§ **EXERCISE DATA**:
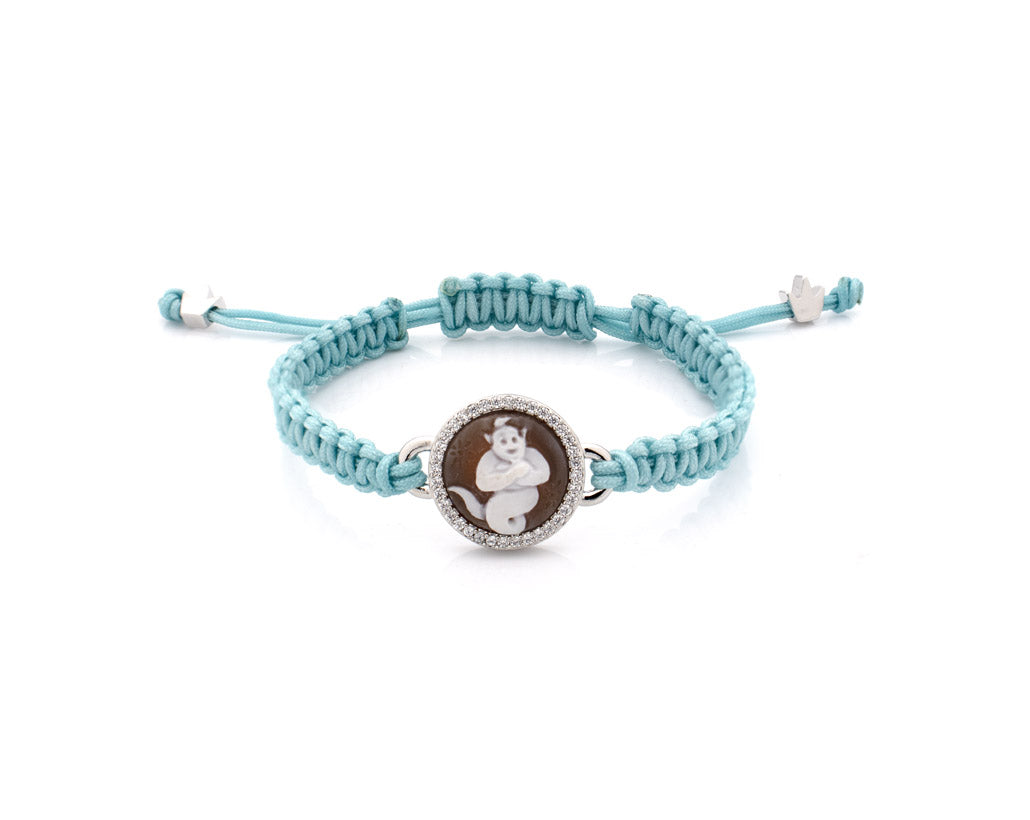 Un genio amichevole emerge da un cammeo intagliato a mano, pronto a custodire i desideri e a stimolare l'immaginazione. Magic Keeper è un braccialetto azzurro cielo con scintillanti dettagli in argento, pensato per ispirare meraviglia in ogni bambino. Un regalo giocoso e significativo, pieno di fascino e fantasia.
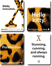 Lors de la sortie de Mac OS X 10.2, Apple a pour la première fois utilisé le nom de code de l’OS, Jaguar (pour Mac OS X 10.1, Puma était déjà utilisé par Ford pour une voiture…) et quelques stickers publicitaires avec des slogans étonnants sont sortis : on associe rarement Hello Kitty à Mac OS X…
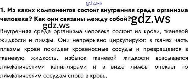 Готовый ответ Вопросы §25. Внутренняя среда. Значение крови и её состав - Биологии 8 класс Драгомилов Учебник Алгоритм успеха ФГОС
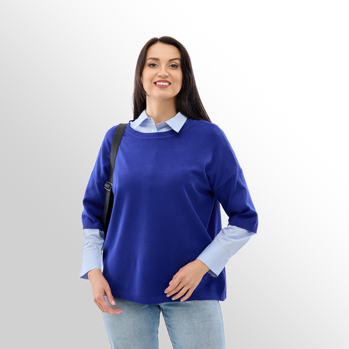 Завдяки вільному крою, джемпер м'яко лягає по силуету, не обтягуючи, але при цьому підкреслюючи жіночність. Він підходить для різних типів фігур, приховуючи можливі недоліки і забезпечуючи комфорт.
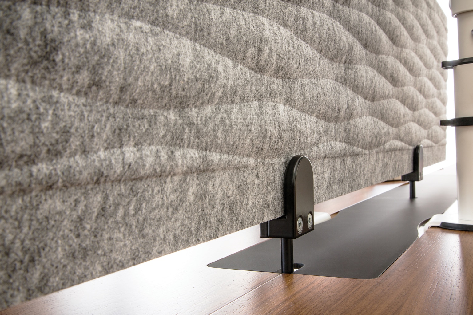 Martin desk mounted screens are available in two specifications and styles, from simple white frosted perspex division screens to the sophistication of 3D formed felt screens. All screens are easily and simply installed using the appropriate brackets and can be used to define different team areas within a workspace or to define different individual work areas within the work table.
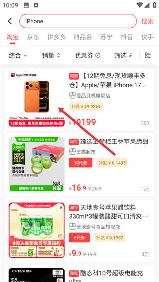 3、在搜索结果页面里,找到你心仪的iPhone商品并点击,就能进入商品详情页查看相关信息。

§ **WHAT TO DO**: The answer must be an exact copy of the lines from the one that holds "Завдяки вільному крою, джемпер" through the end of the data, both included, with no pictures.

§ **YOUR SOLUTION**:
 Завдяки вільному крою, джемпер м'яко лягає по силуету, не обтягуючи, але при цьому підкреслюючи жіночність. Він підходить для різних типів фігур, приховуючи можливі недоліки і забезпечуючи комфорт.
 Martin desk mounted screens are available in two specifications and styles, from simple white frosted perspex division screens to the sophistication of 3D formed felt screens. All screens are easily and simply installed using the appropriate brackets and can be used to define different team areas within a workspace or to define different individual work areas within the work table.
 3、在搜索结果页面里,找到你心仪的iPhone商品并点击,就能进入商品详情页查看相关信息。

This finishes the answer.